→ What to produce:
For each record below, set it down exactly but leave out any picture.
**********
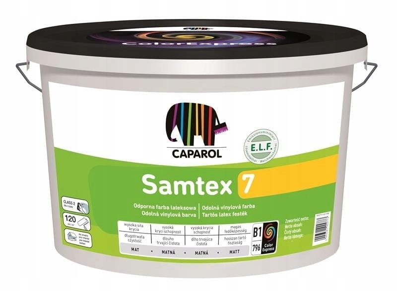Caparol Samtex 7 to farba półmatowa, o satynowym wykończeniu (ma delikatny półpołysk, dzięki czemu bardziej nadaje się do malowania ścian, które mogą się pobrudzić). Caparol Samtex 7 to farba dobrze kryjąca oraz jest odporna na zmywanie - Klasa 2 odporności na szorowanie na mokro.
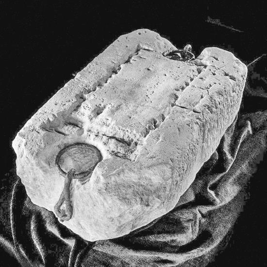 Рис. 38-2. В небольшом углублении на грани Камня Судьбы, на дне выщербины, видны четыре мелкие римские цифры XXXV и еще какой-то туманный росчерк справа. Но, скорее всего, эти маленькие циферки были процарапаны не так давно и вряд ли были на Камне изначально. Может быть, это поздний инвентарный номер хранения. Взято из Интернета
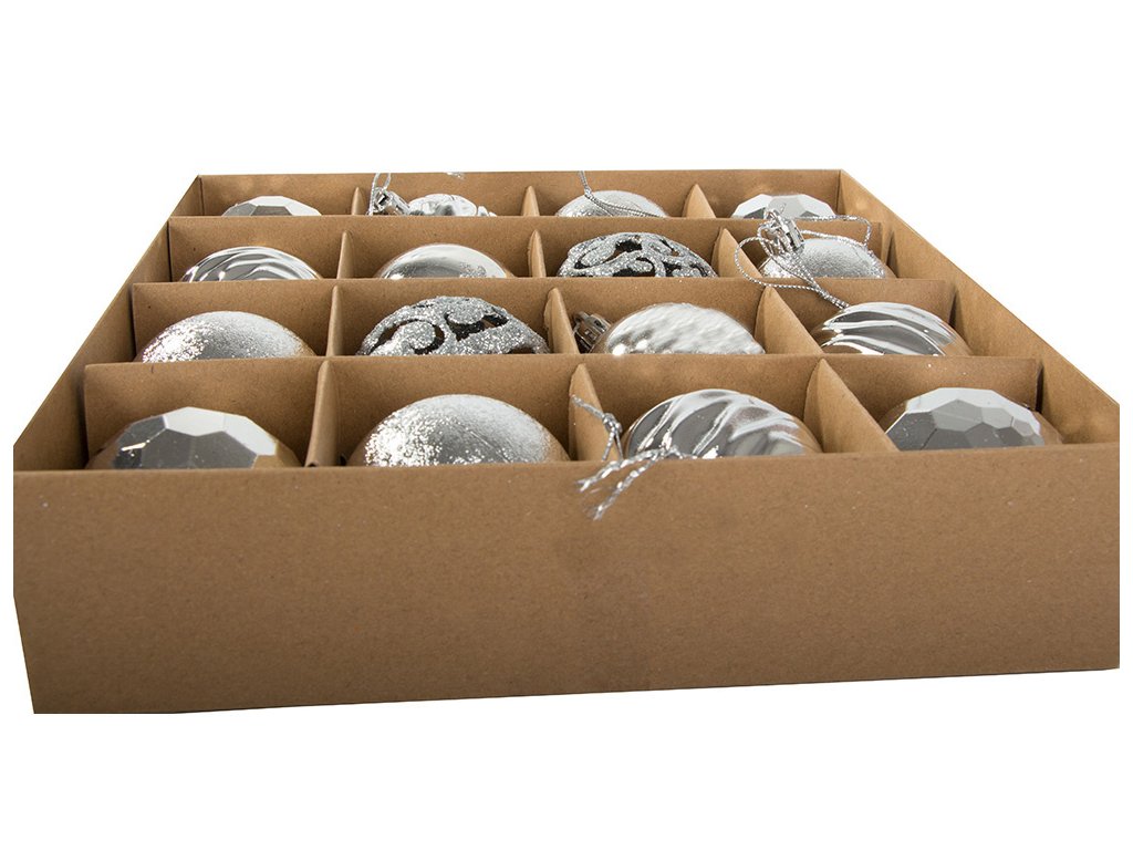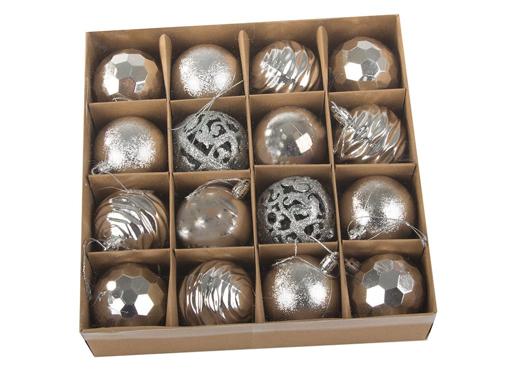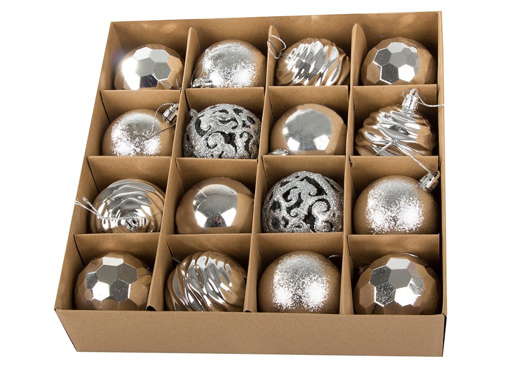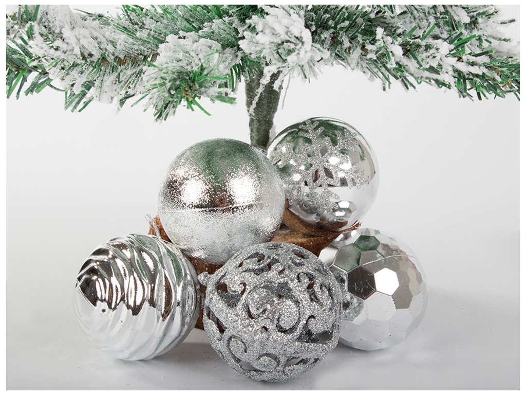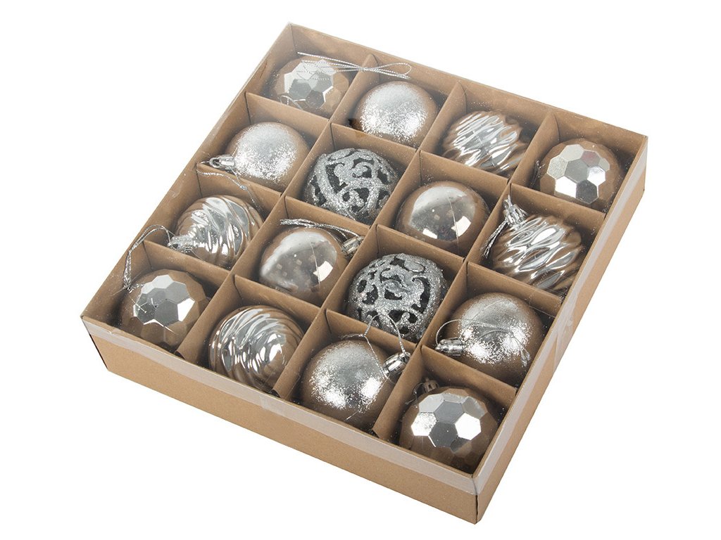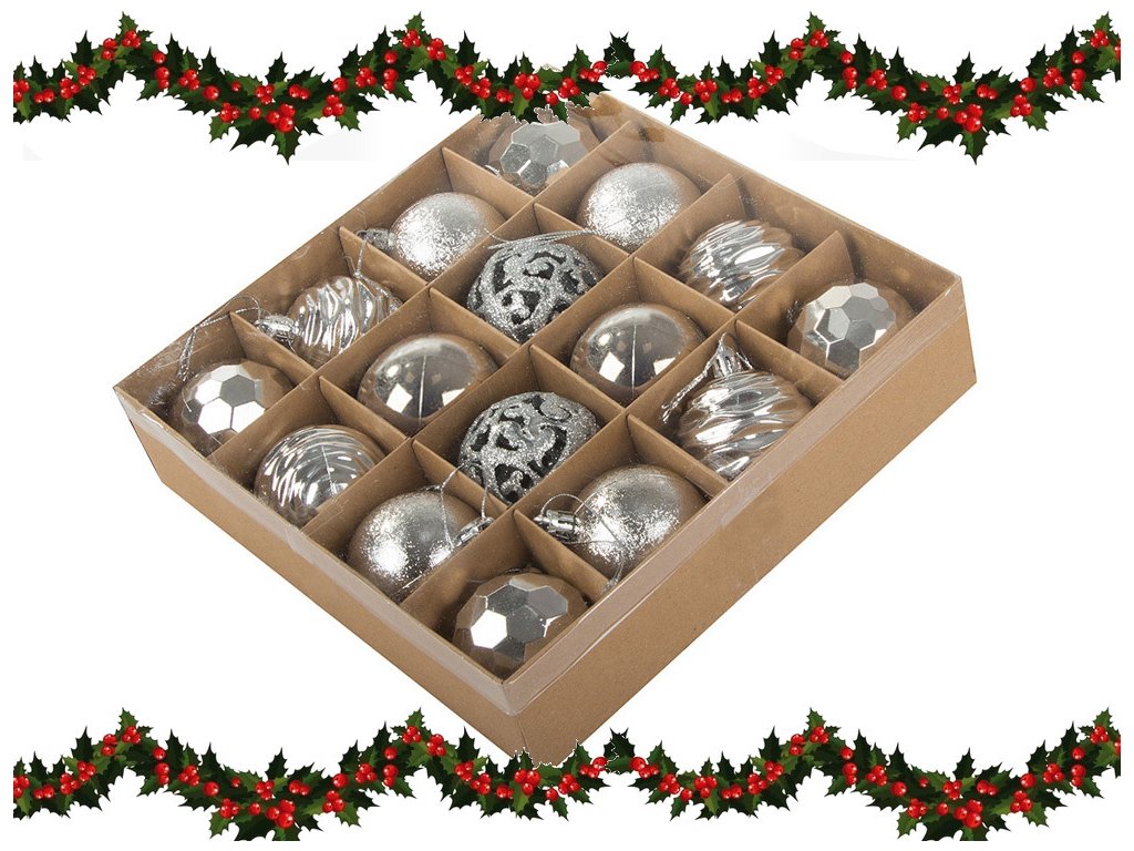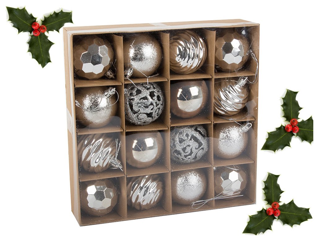 Vánoční stromeček a ozdoby jsou nepostradatelnými prvky vánoční atmosféry. Ozdoby zavěšené na zelených větvičkách naplňují interiér kouzlem Vánoc. Sada 16 ozdob v pěti vzorech.
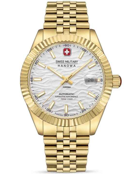 Zusätzliche Freude an Ihrer neuen Swiss Military Hanowa Uhr wird Ihnen das hochwertig verarbeitete Armband aus Edelstahl – Farbe: Gold – mit Faltschließe bereiten. Das Edelstahl-Armband bietet einen hohen Tragekomfort und kann bis zu einem maximalen Handgelenkumfang von 210 mm getragen werden.
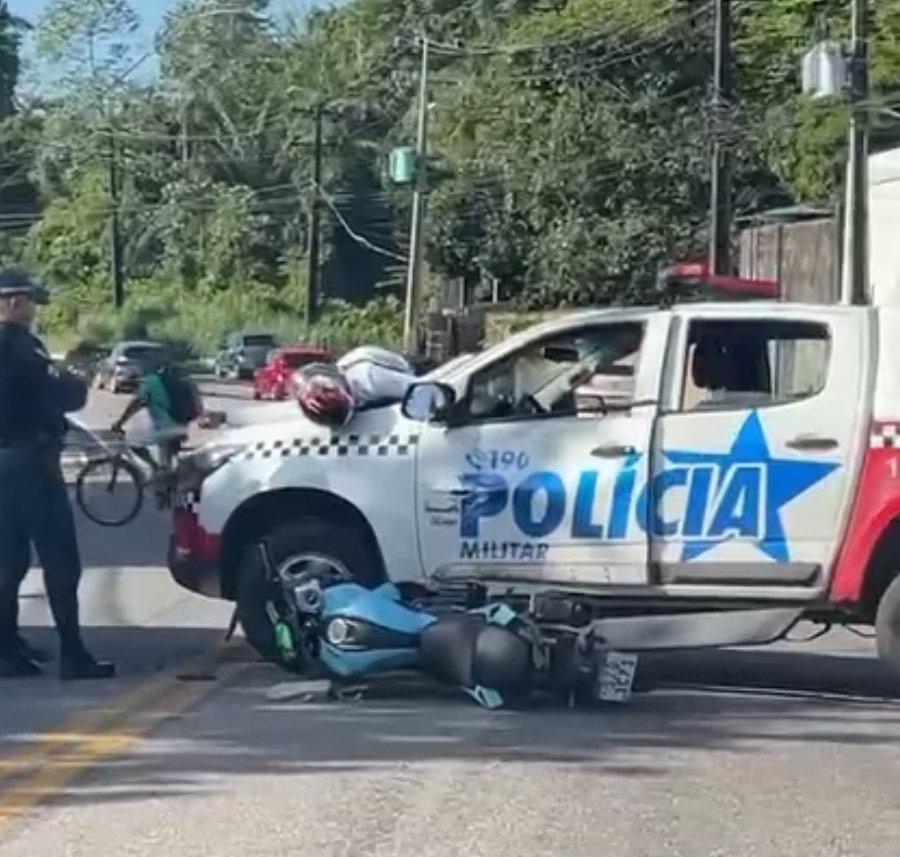 Um acidente envolvendo uma motocicleta e uma viatura da Polícia Militar do Pará foi registrado na manhã desta quarta-feira (9) na avenida Arthur Bernardes, em Belém. Segundo testemunhas, o motociclista bateu com força na lateral do veículo oficial e foi arremessado sobre o capô da viatura devido ao impacto.
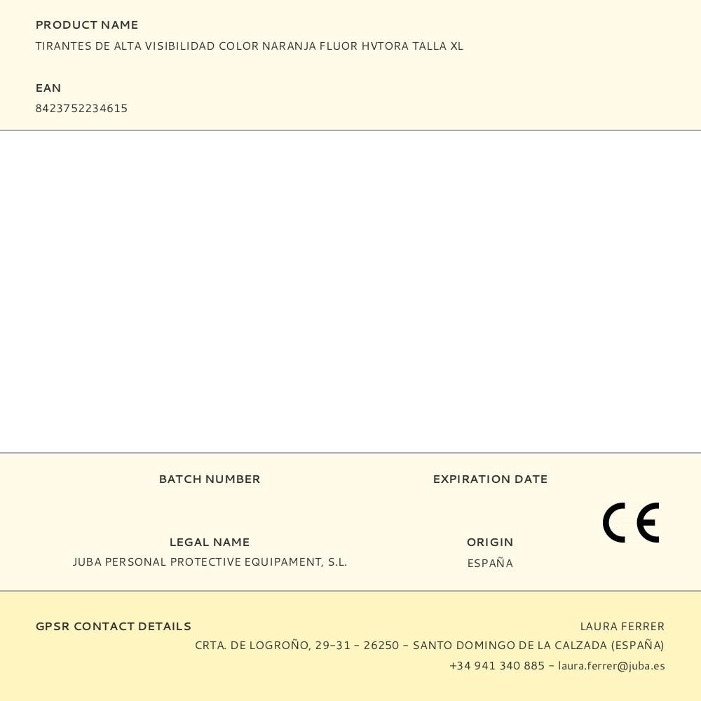 TIRANTES DE ALTA VISIBILIDAD COLOR NARANJA FLUOR HVTORA TALLA XL
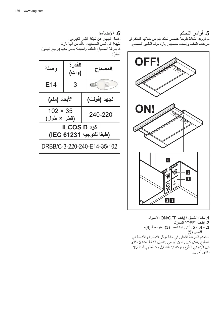 .1مفتاح تشغيل \ إيقاف ON/OFFاألضواء .2إيقاف " "OFFالمحرِّ ك .5 - .4 - .3أدنى قوة شفط ( ،)3متوسطة (،)4 أقصى (.)5 استخدم السرعة األعلى في حالة تر ُّكز األبخرة واألدخنة في المطبخ بشكل كبير .نحن نوصي بتشغيل الشفط لمدة 5دقائق قبل البدء في الطبخ وتركه قيد التشغيل بعد الطهي لمدة 15 دقائق أخرى.
**********
→ Your response:
Caparol Samtex 7 to farba półmatowa, o satynowym wykończeniu (ma delikatny półpołysk, dzięki czemu bardziej nadaje się do malowania ścian, które mogą się pobrudzić). Caparol Samtex 7 to farba dobrze kryjąca oraz jest odporna na zmywanie - Klasa 2 odporności na szorowanie na mokro.
 Рис. 38-2. В небольшом углублении на грани Камня Судьбы, на дне выщербины, видны четыре мелкие римские цифры XXXV и еще какой-то туманный росчерк справа. Но, скорее всего, эти маленькие циферки были процарапаны не так давно и вряд ли были на Камне изначально. Может быть, это поздний инвентарный номер хранения. Взято из Интернета
 Vánoční stromeček a ozdoby jsou nepostradatelnými prvky vánoční atmosféry. Ozdoby zavěšené na zelených větvičkách naplňují interiér kouzlem Vánoc. Sada 16 ozdob v pěti vzorech.
 Zusätzliche Freude an Ihrer neuen Swiss Military Hanowa Uhr wird Ihnen das hochwertig verarbeitete Armband aus Edelstahl – Farbe: Gold – mit Faltschließe bereiten. Das Edelstahl-Armband bietet einen hohen Tragekomfort und kann bis zu einem maximalen Handgelenkumfang von 210 mm getragen werden.
 Um acidente envolvendo uma motocicleta e uma viatura da Polícia Militar do Pará foi registrado na manhã desta quarta-feira (9) na avenida Arthur Bernardes, em Belém. Segundo testemunhas, o motociclista bateu com força na lateral do veículo oficial e foi arremessado sobre o capô da viatura devido ao impacto.
 TIRANTES DE ALTA VISIBILIDAD COLOR NARANJA FLUOR HVTORA TALLA XL
 .1مفتاح تشغيل \ إيقاف ON/OFFاألضواء .2إيقاف " "OFFالمحرِّ ك .5 - .4 - .3أدنى قوة شفط ( ،)3متوسطة (،)4 أقصى (.)5 استخدم السرعة األعلى في حالة تر ُّكز األبخرة واألدخنة في المطبخ بشكل كبير .نحن نوصي بتشغيل الشفط لمدة 5دقائق قبل البدء في الطبخ وتركه قيد التشغيل بعد الطهي لمدة 15 دقائق أخرى.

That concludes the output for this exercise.